Curious to know (especially from US Mumsnetters) but when do Americans stop referring to themselves as having heritage from where their forefathers came from?

Whenever I read a bio on someone famous reference is often made to their roots - so for example German, French, Scots, Irish, French, etc..

Along with a fair number of people I have heritage stretching back to different cultures/places but after a few generations I would not refer to myself as Irish or French and it wouldn't tend to crop up anywhere outside of genealogy

Is there a reason they do it so much in the USA or am I mistaken in that assumption?

OP posts:
BruFord · 11/10/2025 19:43

DulciUke · 11/10/2025 15:49

American here. I simply identify as “American “ in part because my ancestors came from so many different countries. Germany, England, Wales, Ireland, the Netherlands, plus possibly France. Try hyphenating that!

Same with my DH @DulciUke, far too many hyphens!

mathanxiety · 11/10/2025 23:34

Aluna · 11/10/2025 05:44

I think what you’re saying is that you’re not interested in it yourself, and that’s fine. But it’s of far greater and wider interest than simply to archeologists - that betrays a limited understanding of its general interest.

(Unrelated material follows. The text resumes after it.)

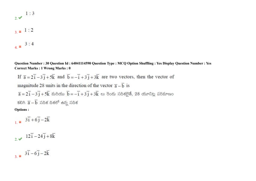 If \( \overline{a} = 2\overline{i} - 3\overline{j} + 5\overline{k} \) and \( \overline{b} = -\overline{i} + 3\overline{j} + 3\overline{k} \) are two vectors, then the vector of magnitude 28 units in the direction of the vector \( \overline{a} - \overline{b} \) is:

Not quite - we are very close to chimpanzees too, after all, but that makes no difference at all when it comes to our feelings for certain patches of land, or a musical tradition or accent or turn of phrase, or the Proustian feelings inspired by a certain culinary tradition, or what makes the World Cup or the Olympics interesting for us.

The interest in ancient DNA is more of an academic one.

Aluna · 11/10/2025 23:54

mathanxiety · 11/10/2025 23:34

Not quite - we are very close to chimpanzees too, after all, but that makes no difference at all when it comes to our feelings for certain patches of land, or a musical tradition or accent or turn of phrase, or the Proustian feelings inspired by a certain culinary tradition, or what makes the World Cup or the Olympics interesting for us.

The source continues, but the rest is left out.